Dataset extract section start

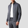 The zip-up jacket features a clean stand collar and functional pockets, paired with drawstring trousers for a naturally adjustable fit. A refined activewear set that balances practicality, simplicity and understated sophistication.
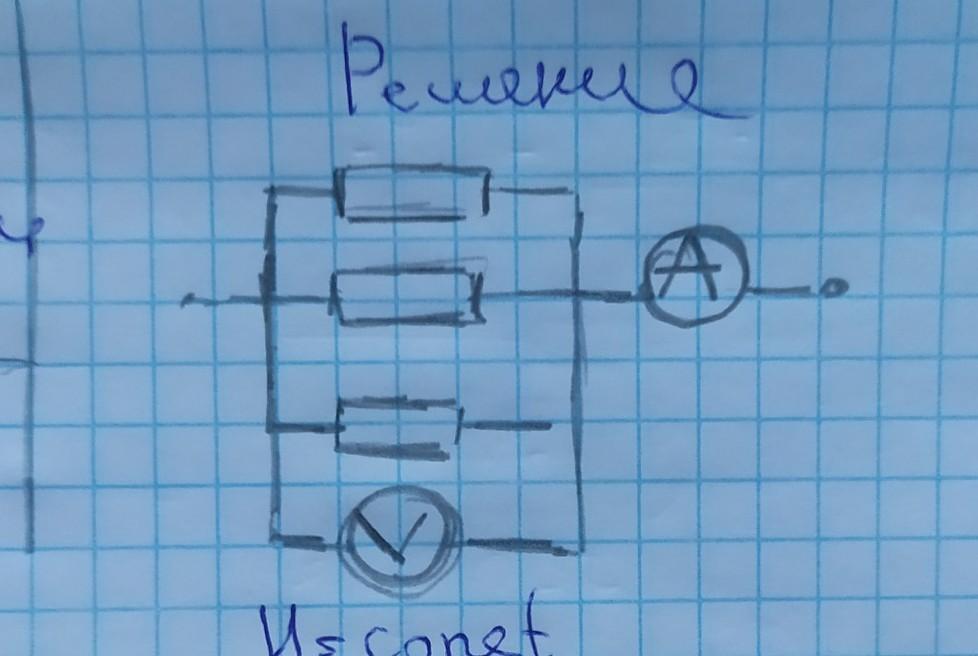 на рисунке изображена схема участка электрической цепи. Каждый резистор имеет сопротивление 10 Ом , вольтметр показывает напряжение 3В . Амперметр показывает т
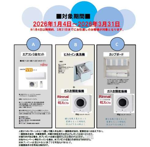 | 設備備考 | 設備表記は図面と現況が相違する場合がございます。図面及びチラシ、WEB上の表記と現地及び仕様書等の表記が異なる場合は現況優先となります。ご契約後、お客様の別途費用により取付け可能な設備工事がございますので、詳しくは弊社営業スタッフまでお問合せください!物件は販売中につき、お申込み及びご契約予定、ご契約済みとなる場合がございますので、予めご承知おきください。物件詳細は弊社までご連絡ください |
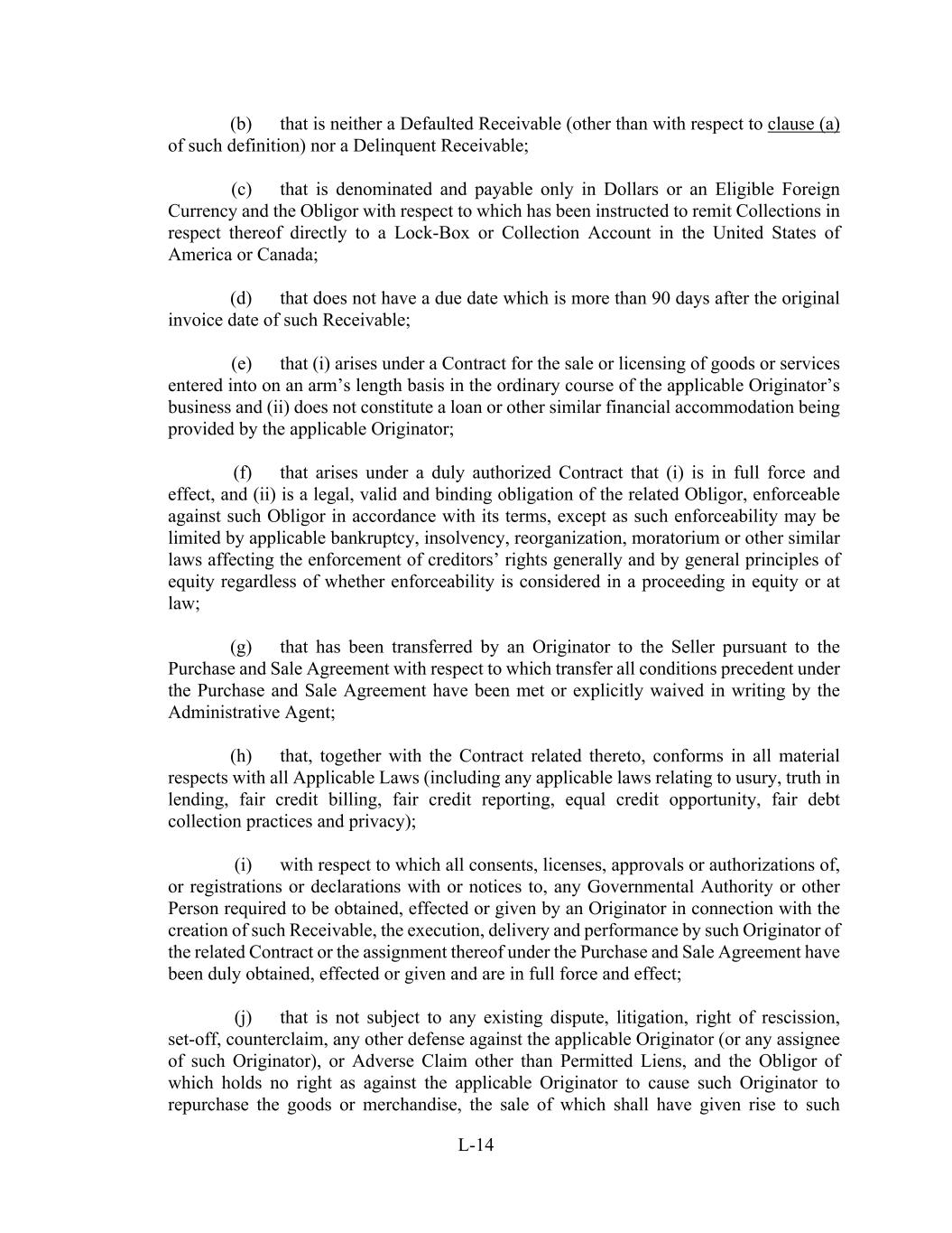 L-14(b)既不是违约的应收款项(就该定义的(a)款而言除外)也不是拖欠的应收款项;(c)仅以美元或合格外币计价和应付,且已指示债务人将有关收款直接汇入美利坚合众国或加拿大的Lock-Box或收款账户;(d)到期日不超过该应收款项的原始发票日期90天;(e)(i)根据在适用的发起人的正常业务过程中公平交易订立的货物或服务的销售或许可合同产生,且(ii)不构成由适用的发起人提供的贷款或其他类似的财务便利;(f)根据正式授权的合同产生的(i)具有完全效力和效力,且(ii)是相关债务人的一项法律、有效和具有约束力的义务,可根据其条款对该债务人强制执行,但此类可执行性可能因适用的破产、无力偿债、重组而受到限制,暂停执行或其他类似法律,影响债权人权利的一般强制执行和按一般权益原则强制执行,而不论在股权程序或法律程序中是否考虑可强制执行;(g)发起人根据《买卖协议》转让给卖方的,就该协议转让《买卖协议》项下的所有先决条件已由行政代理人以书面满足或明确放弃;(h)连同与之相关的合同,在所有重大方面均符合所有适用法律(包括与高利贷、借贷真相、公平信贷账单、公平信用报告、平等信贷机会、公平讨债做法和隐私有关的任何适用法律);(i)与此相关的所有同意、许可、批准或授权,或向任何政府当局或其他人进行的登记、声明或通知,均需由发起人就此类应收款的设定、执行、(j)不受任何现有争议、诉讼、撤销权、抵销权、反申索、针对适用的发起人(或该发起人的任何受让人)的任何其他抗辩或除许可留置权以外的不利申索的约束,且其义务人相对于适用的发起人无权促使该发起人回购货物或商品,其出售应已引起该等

Dataset extract section end

* Work request *
Output all of the data above exactly; no pictures should appear.

* Response area *
 The zip-up jacket features a clean stand collar and functional pockets, paired with drawstring trousers for a naturally adjustable fit. A refined activewear set that balances practicality, simplicity and understated sophistication.
 на рисунке изображена схема участка электрической цепи. Каждый резистор имеет сопротивление 10 Ом , вольтметр показывает напряжение 3В . Амперметр показывает т
 | 設備備考 | 設備表記は図面と現況が相違する場合がございます。図面及びチラシ、WEB上の表記と現地及び仕様書等の表記が異なる場合は現況優先となります。ご契約後、お客様の別途費用により取付け可能な設備工事がございますので、詳しくは弊社営業スタッフまでお問合せください!物件は販売中につき、お申込み及びご契約予定、ご契約済みとなる場合がございますので、予めご承知おきください。物件詳細は弊社までご連絡ください |
 L-14(b)既不是违约的应收款项(就该定义的(a)款而言除外)也不是拖欠的应收款项;(c)仅以美元或合格外币计价和应付,且已指示债务人将有关收款直接汇入美利坚合众国或加拿大的Lock-Box或收款账户;(d)到期日不超过该应收款项的原始发票日期90天;(e)(i)根据在适用的发起人的正常业务过程中公平交易订立的货物或服务的销售或许可合同产生,且(ii)不构成由适用的发起人提供的贷款或其他类似的财务便利;(f)根据正式授权的合同产生的(i)具有完全效力和效力,且(ii)是相关债务人的一项法律、有效和具有约束力的义务,可根据其条款对该债务人强制执行,但此类可执行性可能因适用的破产、无力偿债、重组而受到限制,暂停执行或其他类似法律,影响债权人权利的一般强制执行和按一般权益原则强制执行,而不论在股权程序或法律程序中是否考虑可强制执行;(g)发起人根据《买卖协议》转让给卖方的,就该协议转让《买卖协议》项下的所有先决条件已由行政代理人以书面满足或明确放弃;(h)连同与之相关的合同,在所有重大方面均符合所有适用法律(包括与高利贷、借贷真相、公平信贷账单、公平信用报告、平等信贷机会、公平讨债做法和隐私有关的任何适用法律);(i)与此相关的所有同意、许可、批准或授权,或向任何政府当局或其他人进行的登记、声明或通知,均需由发起人就此类应收款的设定、执行、(j)不受任何现有争议、诉讼、撤销权、抵销权、反申索、针对适用的发起人(或该发起人的任何受让人)的任何其他抗辩或除许可留置权以外的不利申索的约束,且其义务人相对于适用的发起人无权促使该发起人回购货物或商品,其出售应已引起该等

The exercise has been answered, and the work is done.